Based on a preliminary analysis of the data from the two apps, Poolos and his group observed that the same combination of lamotrigine and valproate showed a 40% decrease in seizure frequency for community-based patients. “This project appears to be validating our previous work, but we still have work to do in the total analysis,” says Poolos.

In the project’s second segment, the researchers plan to use tools to search electronic health records from the last three decades at UW Medicine clinics. They’ll search for such lines as “has become seizure free” and “since we did X, seizures have stopped” to identify patients whose medical management stopped seizures. Pulling tens of thousands of records to validate the information, they’ll examine associated medications.

Translational Directions
As a scientific researcher and clinical neurologist at UW Regional Epilepsy Center, Poolos works with patients referred from surrounding states and the Puget Sound when presented with difficult epilepsy cases. “Seeing these patients day in and day out, I want to do something for them besides just flying by the seat of my pants.” In the lab, he and colleagues work to understand molecular changes that occur in the brain after a head injury that can lead to epilepsy. “God forbid a brick falls on your head and you develop epilepsy—trauma is a common way epilepsy happens, but it doesn’t occur instantaneously.
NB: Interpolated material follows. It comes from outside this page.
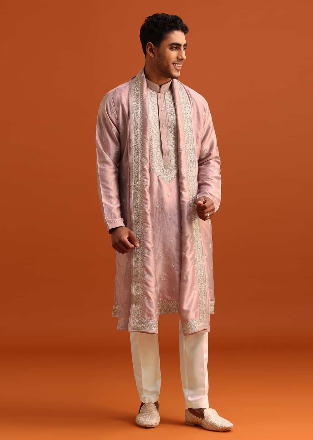 Dive into the world of sophisticated charm with our exquisitely designed purple kurta set. Crafted from premium raw silk fabric, this kurta is elevated a refined mandarin collar and front button that adds a touch of sophistication. Delicately adorned with resham thread hand work on the kurta and dupatta border, the detailed craftsmanship acts as the showstopper at festive occasions or wedding functions. Awarded as the Most Trusted Brand, we're delivering styles you love, just as promised.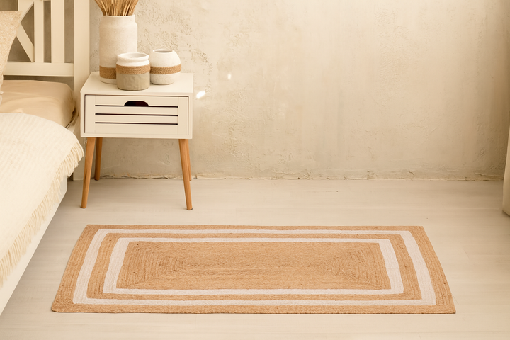 ALVA - Tapis rectangulaire en jute naturelle tissée marron 120 x 80 cm

One challenge is to understand what makes the brain tissue electrically hyperexcitable and begin to cause seizures.”

Conclusion
Combining lamotrigine with valproate has become standard treatment for refractory patients in UW Regional Epilepsy Center clinics, says Poolos. “My colleagues have heard me talk about it endlessly—it’s very satisfying to see your colleagues, who are smart and maybe even skeptical people, come around to your way of thinking on things.” With further research, Poolos hopes to inform others in the treatment community about which drug combinations can help even the most difficult cases of epilepsy. He also hopes that this work will stimulate advocacy, gain funding, and raise awareness in this critical area of research and clinical practice.